The spacecraft approached Mars from a high phase angle, or from the side opposite the Sun, making the planet appear as a thin crescent as Psyche moved in for the encounter. The wispiness of the thin Martian atmosphere was on full display, with sunlight shining through diffuse clouds of dust suspended dozens of miles over the sharp edge of the planet’s rust-colored surface.
This is the first view of a nearly “full Mars” as seen by NASA’s Psyche spacecraft shortly after its closest approach to the planet on May 15, 2026. The view extends from the south polar cap northwards to the Valles Marineris canyon system and beyond.
Credit:
NASA/JPL-Caltech/ASU
As Psyche zoomed past the red planet, its cameras captured a wide-angle overhead view of Mars’ southern polar ice cap.

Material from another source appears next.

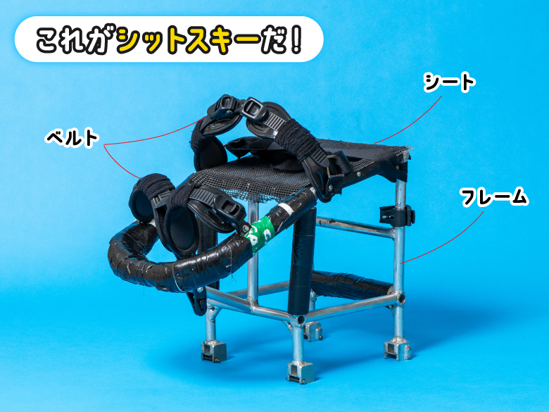 シットスキーは、アルミでできたフレーム、シート、ベルトでできていて、フレームの下にスキー板を2本取り付けて滑ります。また、ストックを手に持ち、雪の上を滑るときにバランスを取ったり、雪面を突いて進んだりします。

Jim Bell, who leads the Psyche imager instrument team at Arizona State University, said the spacecraft took thousands of images during the encounter. The observations will help scientists “calibrate and characterize” the performance of the cameras, Bell said.
Psyche’s magnetometer may have detected a signature of the solar wind interacting with Mars’ upper atmosphere or its remnant magnetic field, and its spectrometers were tuned to measure the chemical composition of the Martian surface underneath the spacecraft’s flight path.
Numerous other missions are exploring Mars full-time, so there’s little chance of any major discoveries lurking in Psyche’s flyby datasets. But scientists should be able to calibrate the mission’s instruments by comparing flyby observations with archival data from other Mars missions.
It is always interesting to gain new perspectives, even on something familiar. You can’t see a crescent Mars from Earth. But the Psyche mission’s real payoff will come in three years, when the probe pulls in close to asteroid Psyche, an object the size of Massachusetts that is rich in iron, nickel, and likely other metals that we know only as a fuzzy blob through telescopes. It is truly uncharted territory, but the Psyche spacecraft will have more than two years to survey the asteroid, far longer than the fleeting glimpse it got of Mars last week.